UW Google Drive is not HIPAA compliant.

ResearchWorks Archive

ResearchWorks Archive is the University of Washington’s digital repository (also known as “institutional repository”) for disseminating scholarly work. More information about ResearchWorks can be found on the Scholarly Publishing Services page.

Link: ResearchWorks Archive

RedCap

RedCap is a web-based application for building and managing online surveys and databases. According to the RedCap website:

Research Electronic Data Capture (REDCap) is a rapidly evolving web tool developed by researchers for researchers in the translational domain.

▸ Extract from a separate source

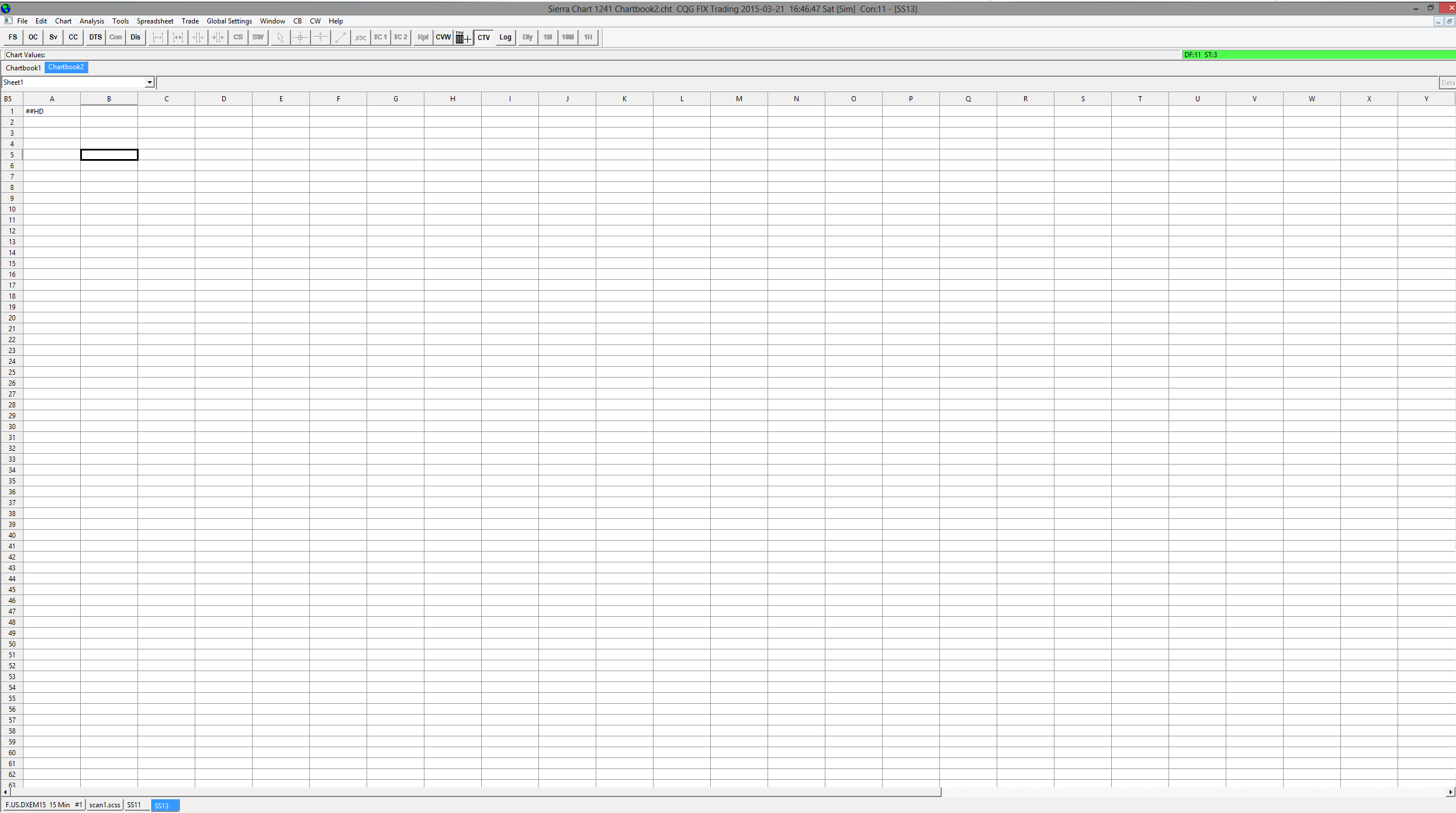 ##HD is for Old Spreadsheets and we need to update the documentation. This will be done later today. You do need to set it to be a Quote Spreadsheet which will do this for all Sheets. But we will see if we can limit that. Sierra Chart Support - Engineering Level Your definitive source for support. Other responses are from users. Try to keep your questions brief and to the point. Be aware of support policy: https://www.sierrachart.com/index.php?l=PostingInformation.php#GeneralInformation For the most reliable, advanced, and zero cost futures order routing, *change* to the Teton service: Sierra Chart Teton Futures Order Routing |

REDCap features a high degree of customizability for your forms and advanced user right control. It also features free, unlimited survey functionality, a sophisticated export module with support for all the popular statistical programs, and supports HIPAA compliance.

Cloud storage

Amazon Web Services

Amazon Web Services (AWS) is a cloud computing platform that provides a number of different storage services, including Amazon S3, Amazon EBS, Amazon EFS, and Amazon Glacier. Amazon S3 is comparable to Azure Blobs. Amazon EBS is comparable to Azure Files. Amazon EFS is comparable to Azure Files. Amazon Glacier is comparable to Azure Archive Storage.

Features and options
  • Data Egress Waiver, which effectively eliminates the standard charges for moving data out of the AWS Service.
  • HIPAA Eligible Account, requires special request and approval, and is subject to important operational considerations to meet compliance requirements of HIPAA, the UW BAA, and UW Medicine Compliance Policies.
  • Accessible on Klone via rclone
Pricing

The approximate cost of storing 1 TiB of data per month is: - ~$25 for “hot” data accessed frequently (S3 Standard) - ~$5/month for “cold” data accessed infrequently (S3 Glacier Instant Retrieval)

The Data Egress Waiver eliminates the standard charges for moving data out of the AWS Service.

UW IT has a subscription service for AWS that provides a discount of 5% and a waiver for data egress charges. The subscription is covered by UW’s HIPPAA BAA and other enterprise contracts. A UW Workday worktag is required to use the service. For more information, see the UW IT AWS page.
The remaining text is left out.